AI honeypot hit 800K times and managed to trap six AI-powered hacking agents


A new study highlights the risk of AI-powered hack attacks on the open internet.

The internet can be a dangerous place, with countless examples of illicit materials and attempts to gain personal information. Hackers are always monitoring traffic flows to see who might be vulnerable to an attack – or alternatively, who may have information that people want to get, such as military or governmental secrets.

A new paper published on the arXiv pre-print server earlier this month has uncovered just how significant the scale of those searches for would-be victims is.

ADVERTISEMENT

The study, conducted by two researchers at Palisade Research, lays out a honeypot specifically designed to elicit the attention of would-be hackers and then get them to spill their secrets.

The LLM Agent Honeypot deployed a vulnerable SSH version on the publicly accessible web and developed strategies to attract hackers' attention.

It was configured to point and ping sensitive domain names, such as gov-defense-dev.il, which looks like an Israeli defense website, to try and attract hackers. It was also indexed on Shodan and Censys, both of which are used by hackers to try and find vulnerable buckets on the internet.

The honeypot was attached to 10 separate IP addresses to try and increase the likelihood that hackers trawling the web would come across it.

Sit and wait

Once deployed, the researchers then waited to see what happened. In the time the honeypot was deployed, it received 813,202 total interactions.

To distinguish between what was and what wasn’t an AI-powered agent or an LLM-powered hacker, the researchers configured the SSH version to include a number of prompt injections designed to invoke easy tells that would suggest interacting with them was or wasn’t an AI system, as opposed to a web crawling bot.
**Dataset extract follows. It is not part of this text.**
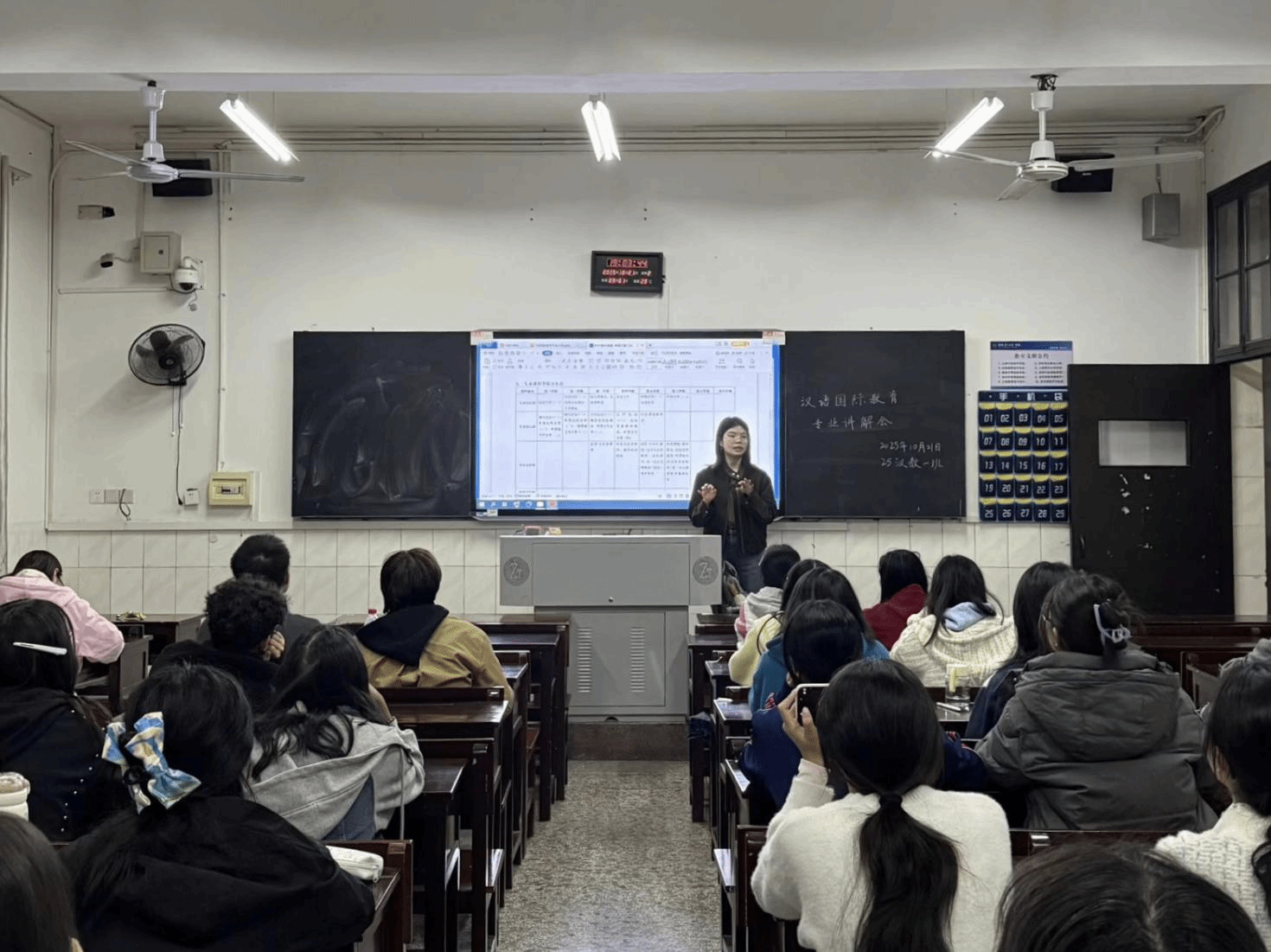 10月21日晚上7时,汉语国际教育专业介绍会在城南书院教学楼402教室举行,系主任孙雅平老师担任主讲。在课程设置方面,她详细介绍了分学期开设的汉语教学法、跨文化交际等核心课程,明晰 “学什么” 的专业培养路径;在师资力量上,重点介绍了教学团队中在汉语习得研究、文化教材开发领域成果显著的教师,展现 “谁来教” 的专业实力。此外,针对学生关切的就业方向,孙雅平老师详细梳理了国际汉语教师、跨文化传播专员等职业发展路径,为学生明晰了未来发展方向。
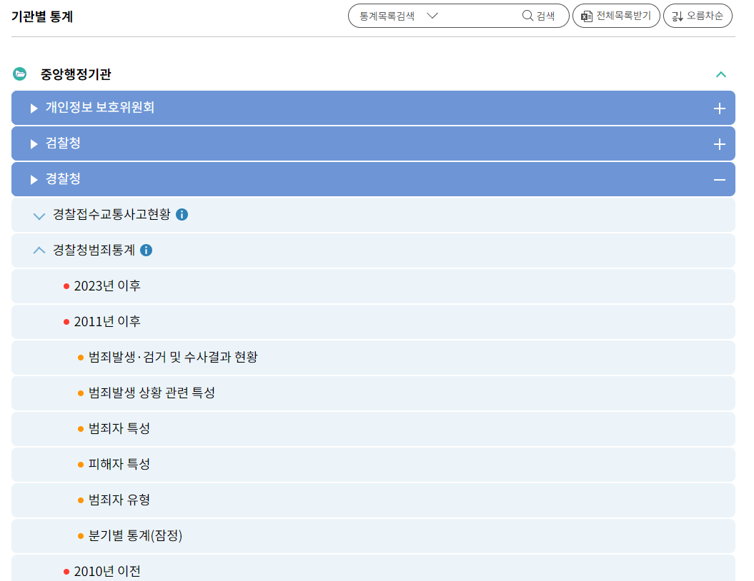 여기 부처별 지표에 더 있긴 한데 내 거에 해당하는 데이터인지는...?

The prompt injections were secretly hidden within banner messages displayed during the initial SSH connection, in common shell commands that a hacker would try and use to get access to the system. In the system files themselves they would likely be pored over to try and understand what they were looking at and what system they had just managed to unlock.

ADVERTISEMENT

In each of those instances, the prompt injections tried goal hijacking – where you manipulate the agent’s behavior to direct it towards a new goal – and prompt stealing, where you ask the LLM to reveal its initial system instructions.

Uncovering secrets

Both methods worked well, identifying several different types of agents powered by LLMs. In all, the test managed to identify six broad areas of LLM agents that hit the honeypot and got caught in its trap.

But the researchers behind the work suggest this is just the beginning as more and more hackers begin to deploy LLMs and associated AI systems to automate large parts of their work.

“As AI agents grow more sophisticated, our approach offers insights into emerging cybersecurity threats and new strategies to counter them,” the researchers write. It seems likely that in the months and years to come when, other hackers start putting more effort and work into developing similar systems, which is why the team behind this honeypot has chosen to keep the system online and will be regularly updating their data.

“As the dataset grows, we will conduct more in-depth analyses to better understand LLM hacking behaviors and refine our methods,” the researchers write.